While comedy has traditionally been the Family Guy creator’s forte, music has also played a big role in his life. MacFarlane’s love for all things musical began with his parents, as his father met his mother while working as a folk singer in Massachusetts.

Growing up, his family would frequently drive up from Connecticut to visit relatives in Boston, which is where MacFarlane took a liking to classical music by watching Pops shows at Symphony Hall. His parents got him involved in musical theater productions at an early age as well, which is why he’s always had such a strong love for the stage.

“They just felt that music and singing was something that was a good thing for kid to have in his life,” MacFarlane said. “They, of course, did a lot of singing themselves recreationally.
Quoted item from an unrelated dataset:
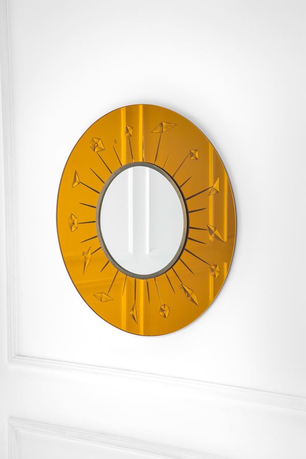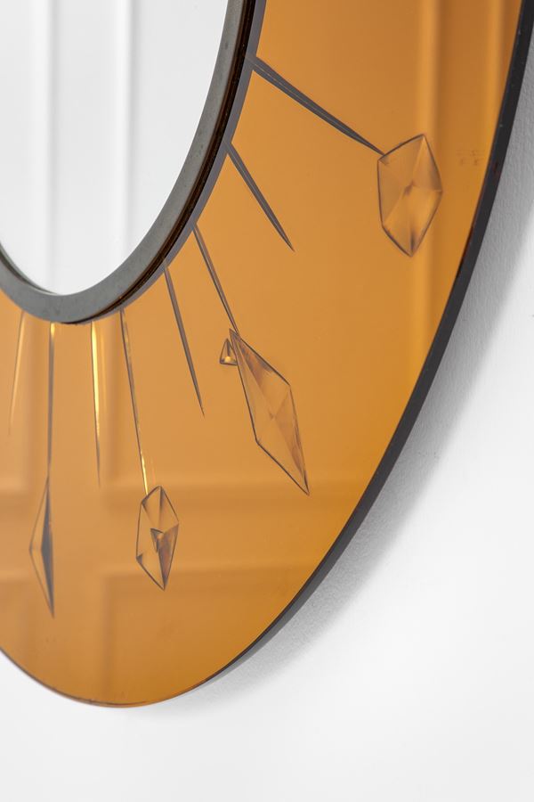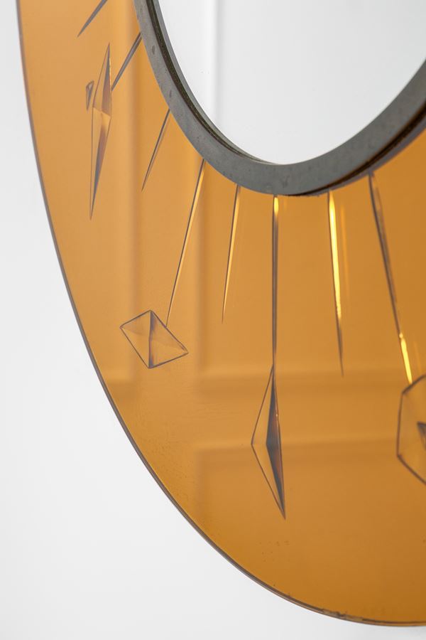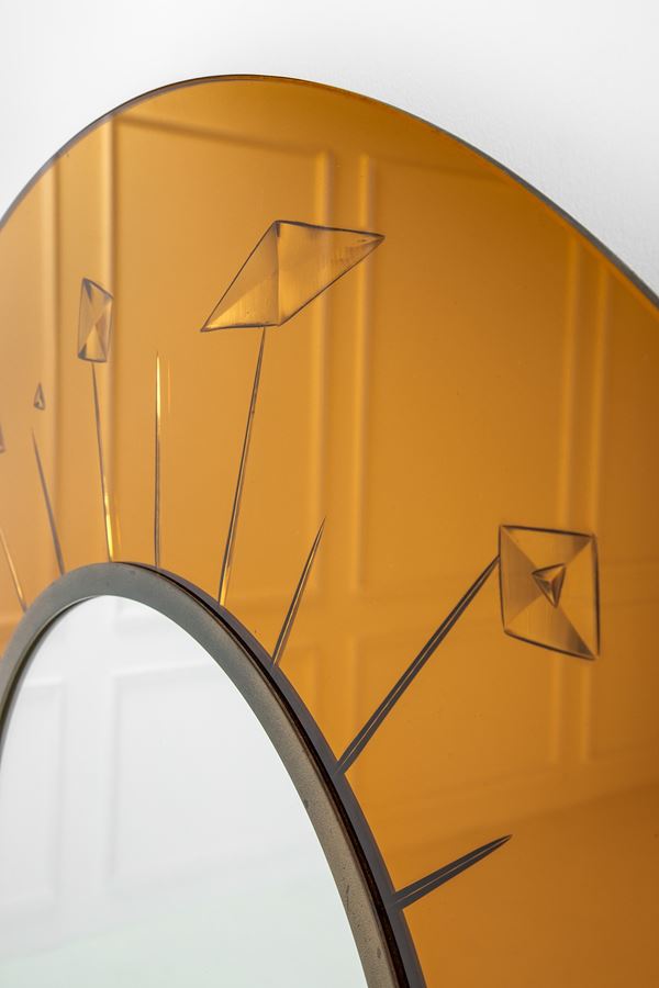 Vetro inciso colorato, cristallo specchiato, ottone.

It was something in and around the house as long as I could remember.”

MacFarlane would eventually become a huge fan of ’40s jazz music after watching the Woody Allen movie Radio Days. The filmmaker and performer proceeded to fall in love with ’50s jazz, which he calls the “complete elevation of the art form.”

Since MacFarlane was also an admirer of film score composers like John Williams and Jerry Goldsmith, the music of Frank Sinatra naturally became a huge influence for him. The late Rat Pack member fused big band jazz sounds with classical orchestral styles, which is something that MacFarlane tries to emulate with his music.

“When you listen to a Sinatra ballad that was recorded during that time, it almost sounds like he’s singing to a film score that was written for his lyrics,” MacFarlane said. “It’s the only kind of popular music that you really can play with an orchestra that size and have it sound like it belongs with an orchestra that size.”

MacFarlane’s love of music nearly led to a career in the field as he was accepted into the Boston Conservatory of Music’s graduate program for musical theater.

Instead, he chose to move out to Los Angeles at the age of 21 in order to pursue a different path in Hollywood as a animator, but he’s never lost touch with his musical side. That’s why there seems to be so many song and dance numbers in his various projects like Family Guy or Ted.

MacFarlane believes that animation and filmmaking allow creators to tap into all of their influences, regardless of the genre or style.

“It really does combine all these different disciplines,” MacFarlane said. “The comedy has to be great in a movie like Ted and the music has to be great. For me, it’s just something that’s always existed in tandem as far back as I can remember.”

While MacFarlane has tested his singing chops as Stewie, Brian, and other characters over the years, he finally took a serious crack at music with his 2011 debut studio album Music Is Better Than Words, which earned a Grammy nomination for Best Traditional Pop Vocal Album.

MacFarlane’s most recent album, No One Ever Tells You, scored a Grammy nomination as well, but he’s quick to point out that he’s not in it for the accolades. The animator turned musician is instead trying to “recapture a level of high musicality” that he feels has been lost by contemporary music.

“It’s really about getting it out there and getting it heard and maybe broadening the scope of what popular music is today than it is about winning awards,” MacFarlane said. “It’s always nice to have that shiny thing in your house, but it’s not what drives me.”